Problem statement
Leave every image out, and return the rest of the data word for word.

Source data
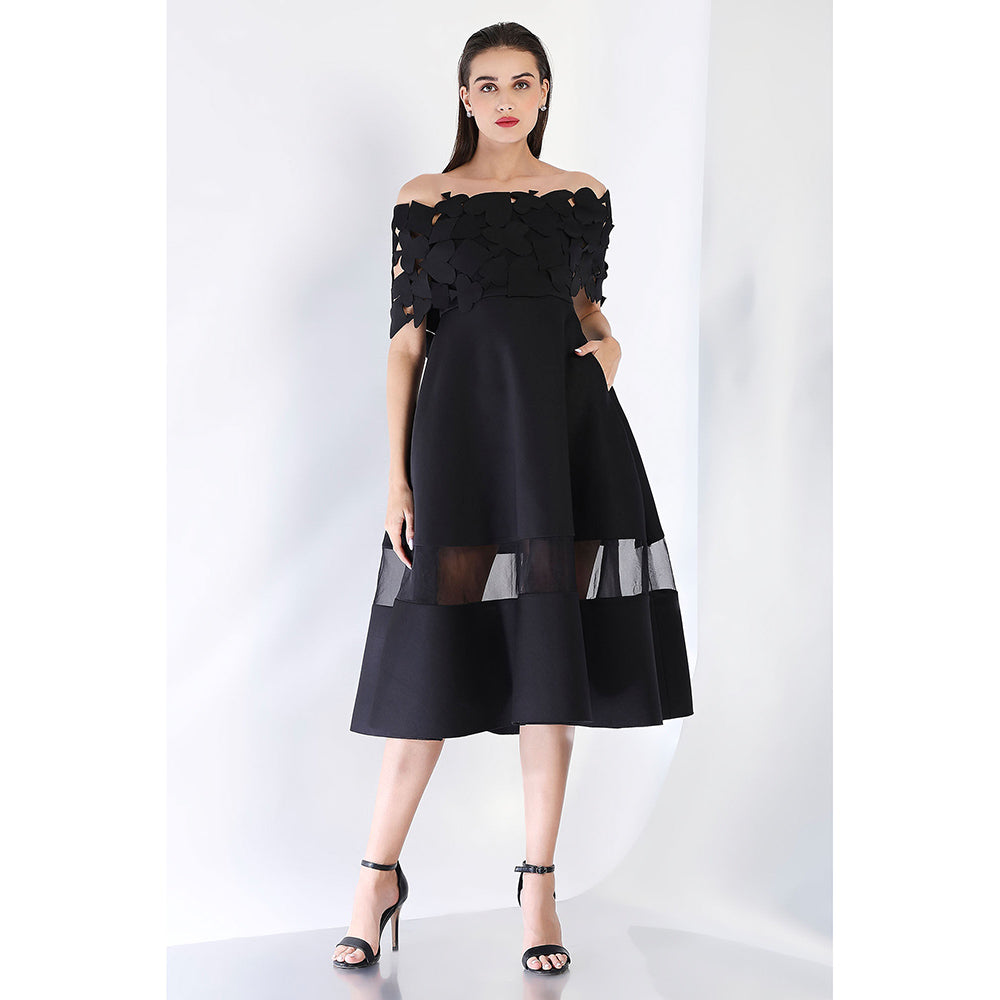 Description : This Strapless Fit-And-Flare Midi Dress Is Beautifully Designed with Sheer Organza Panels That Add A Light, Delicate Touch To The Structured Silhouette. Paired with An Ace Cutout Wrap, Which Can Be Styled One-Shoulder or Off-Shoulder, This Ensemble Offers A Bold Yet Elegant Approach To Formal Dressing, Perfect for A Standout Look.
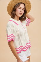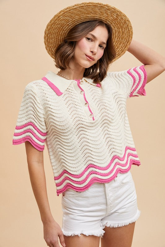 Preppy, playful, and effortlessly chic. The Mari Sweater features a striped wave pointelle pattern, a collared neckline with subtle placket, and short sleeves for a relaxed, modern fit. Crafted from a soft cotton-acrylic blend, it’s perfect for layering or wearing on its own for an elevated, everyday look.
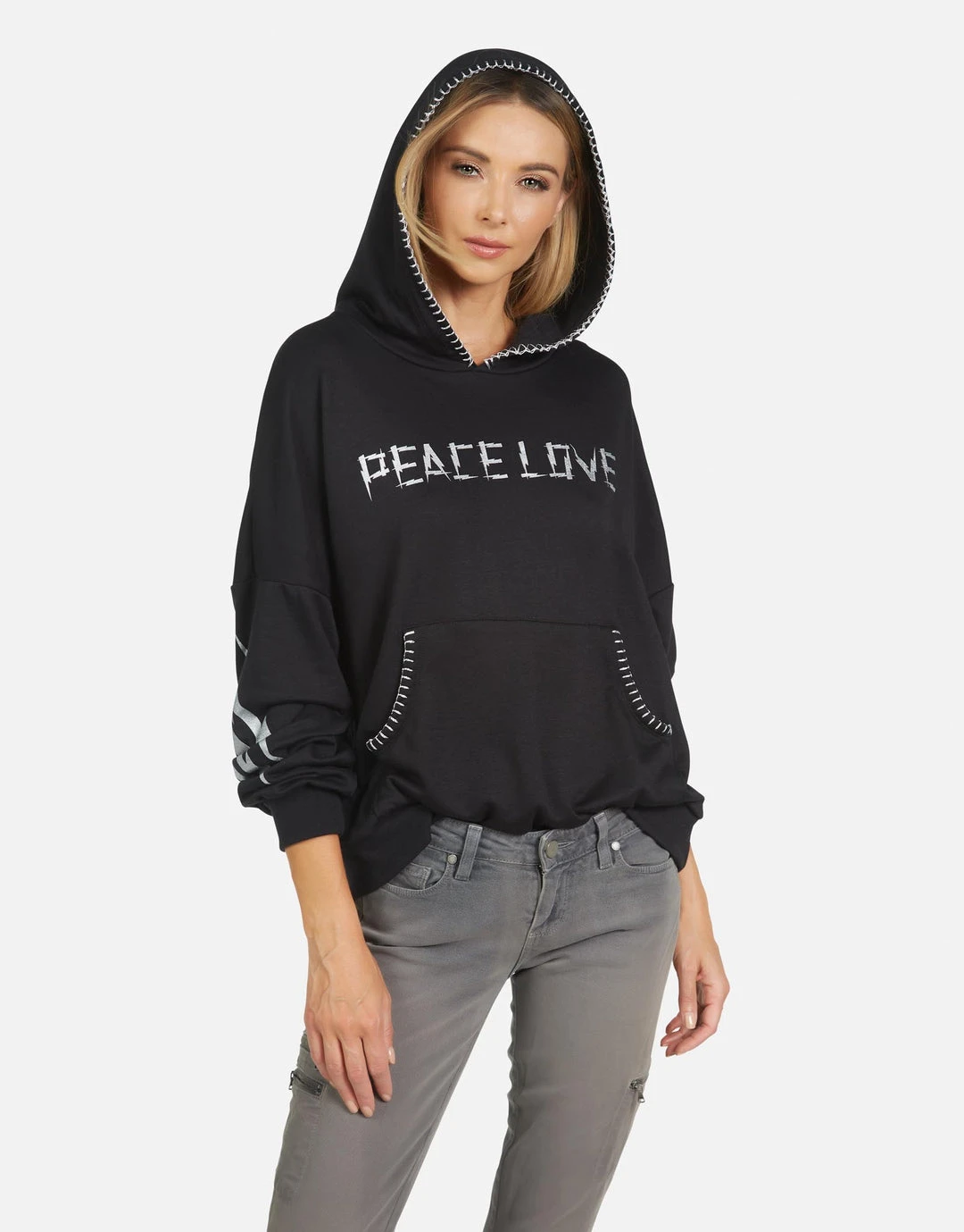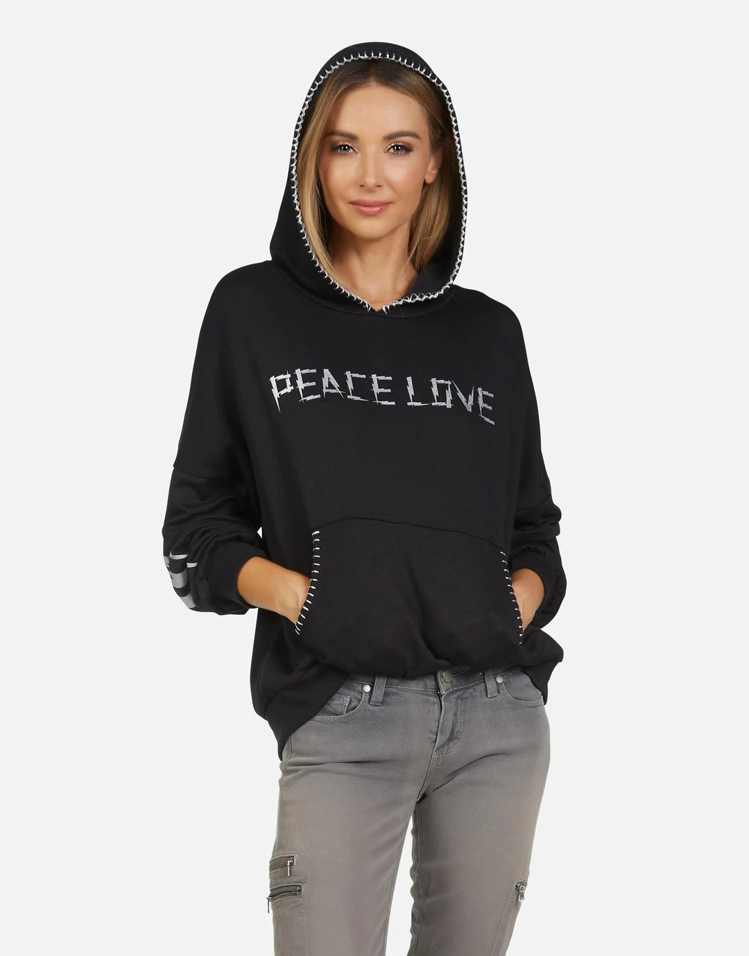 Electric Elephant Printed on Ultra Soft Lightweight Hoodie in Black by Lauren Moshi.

Answer box
 Description : This Strapless Fit-And-Flare Midi Dress Is Beautifully Designed with Sheer Organza Panels That Add A Light, Delicate Touch To The Structured Silhouette. Paired with An Ace Cutout Wrap, Which Can Be Styled One-Shoulder or Off-Shoulder, This Ensemble Offers A Bold Yet Elegant Approach To Formal Dressing, Perfect for A Standout Look.
 Preppy, playful, and effortlessly chic. The Mari Sweater features a striped wave pointelle pattern, a collared neckline with subtle placket, and short sleeves for a relaxed, modern fit. Crafted from a soft cotton-acrylic blend, it’s perfect for layering or wearing on its own for an elevated, everyday look.
 Electric Elephant Printed on Ultra Soft Lightweight Hoodie in Black by Lauren Moshi.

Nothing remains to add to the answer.